Rare earth permanent magnet and its manufacturing method

Abstract

The present application relates to a method for preparing R-T-Q series rare earth permanent magnet alloys, which comprises the following steps: 1) preparing R-T-Q series rare earth alloys, melting the above alloys in a vacuum above 1400°C and quenching to produce Solidify the alloy, and then hydrogenate and crush the rapidly solidified alloy to obtain the first powder; 2) prepare a solidified metal containing at least one rare earth element, crush it to a size below 600 mesh, and obtain the second powder, and then mix it in a certain proportion Homogeneous; shape the uniformly mixed fine powder and heat it for 0.5-24 hours in the temperature range between 450℃-1200℃ for alloying treatment. Through this alloying treatment, a uniform distribution of rare earth-rich intergranular compounds is formed on the surface of the main phase, and by controlling the diffusion, the rare earth elements form a gradient distribution of concentration from high to low within the range of 1-300nm on the surface of the main phase; thus It plays the role of isolating the magnetic coupling and exchange between the main phases and the magnetic hardening of the surface of the main phase.

Description

technical field [0001] The present application relates to a raw material alloy for a rare earth magnet and a manufacturing method thereof. Background technique [0002] At present, there are two types of rare earth magnets, SmCo and R-T-Q, which have been widely used. The R-T-Q system is more widely used. [0003] R-T-Q series rare earth magnets are magnets with R2-T14-Q1 tetragonal structure crystal as the main phase. R is a rare earth element, T is a transition metal element, and Q is at least one element selected from B, C, N, P, Si, and Al. The rare earth element R is 10%-18% of the whole atomic ratio, the transition metal element T is 72%-85% of the whole atomic ratio, and the Q is 5%-10% of the whole atomic ratio. [0004] The widely used process method is powder metallurgy.

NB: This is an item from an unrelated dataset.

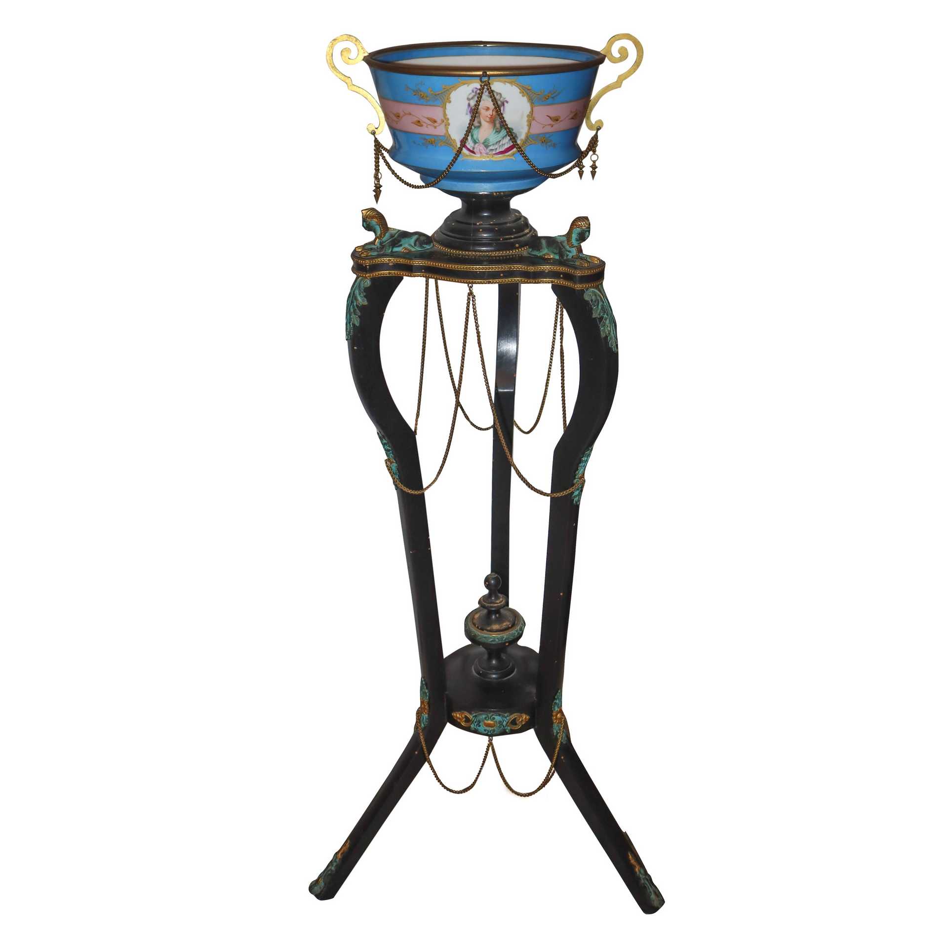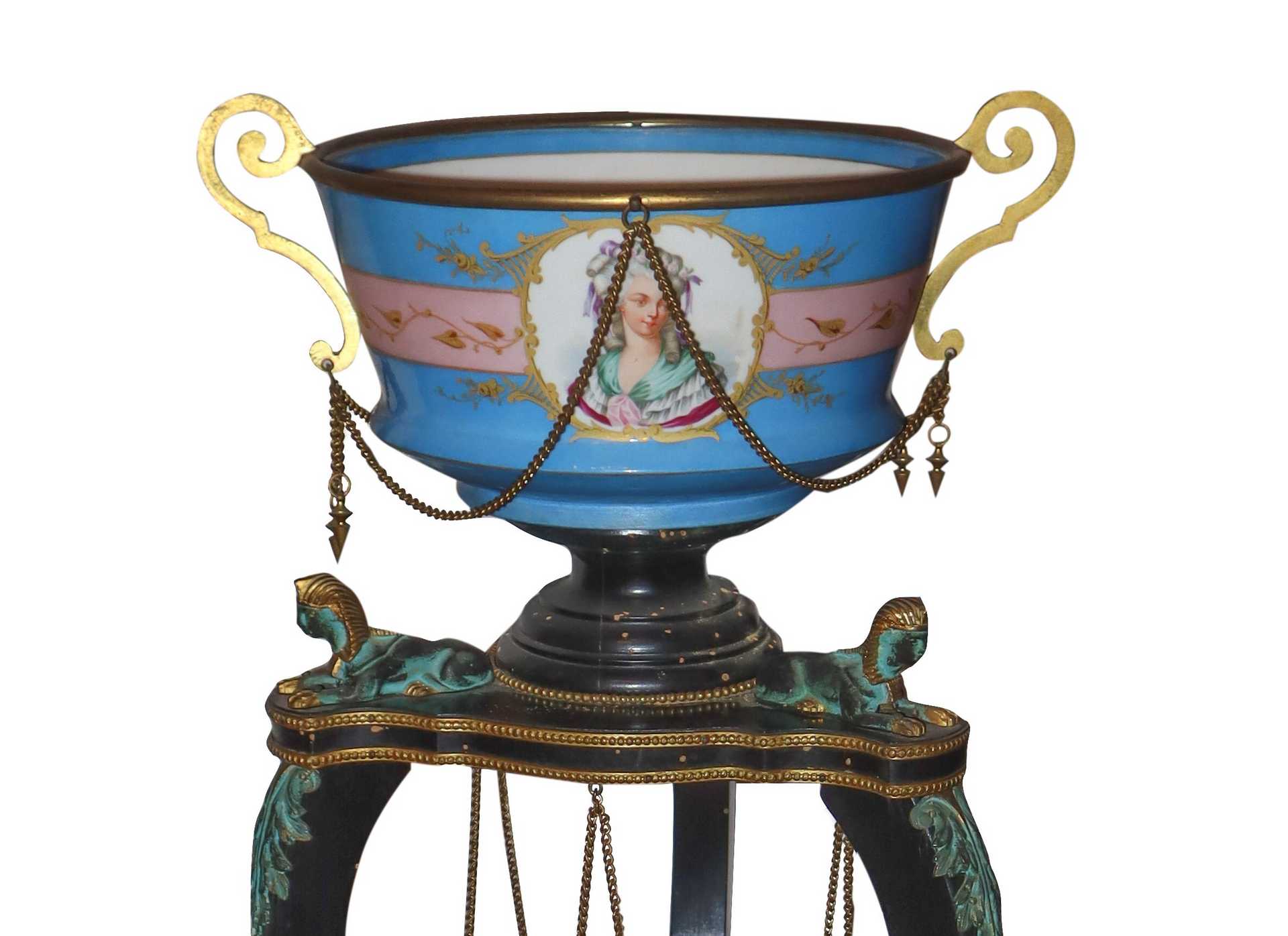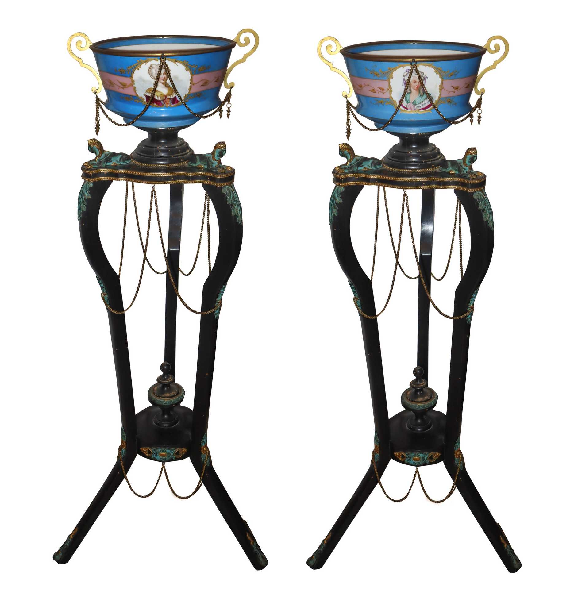 Bronzi sormontati da vasi in porcellana nei toni del azzurro di sevres, con sul fronte figure femminili.
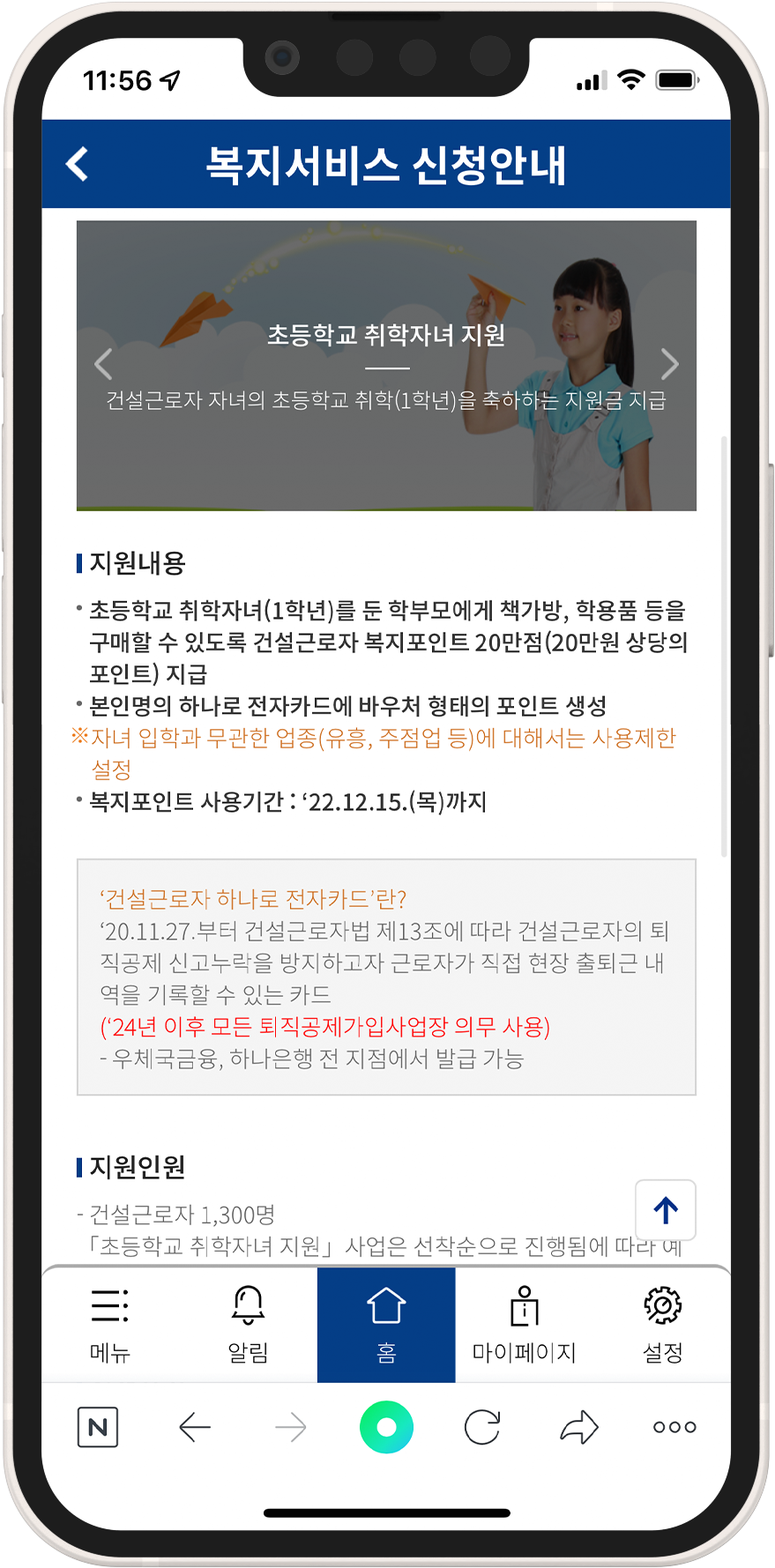 인구 급감 시대에 결혼 및 출산 지원, 자녀 양육에 대한 사회적 책임을 함께하고자 건설근로자공제회에서 실시하는 '초등학교 취학자녀 지원' 사업의 일환으로 20만 원 상당의 책가방, 학용품 등을 구매할 수 있도록 지원한다.

The main technological process is: alloy smelting - powder making - pressing molding - sintering - tempering. [0005] The R-T-Q series rare earth magnet is mainly composed of the main phase R...

AI Technical Summary

Problems solved by technology

There is reduced remanence Br (at room temperature, such as the saturation magnetic polarization of Nd2-Fe14-B is about 1.6T, while the saturation magnetic polarization of Dy2-Fe14-B and Tb2-Fe14-B is only about 0.7T) and cannot fully The problem of using the grain boundary microstructure to increase the coercive force iHc

Therefore, it is not only impossible to produce R-T-Q rare earth magnets with high coercive force iHc and remanence Br, but also there is a problem of wasting precious and rare heavy rare earth element resources.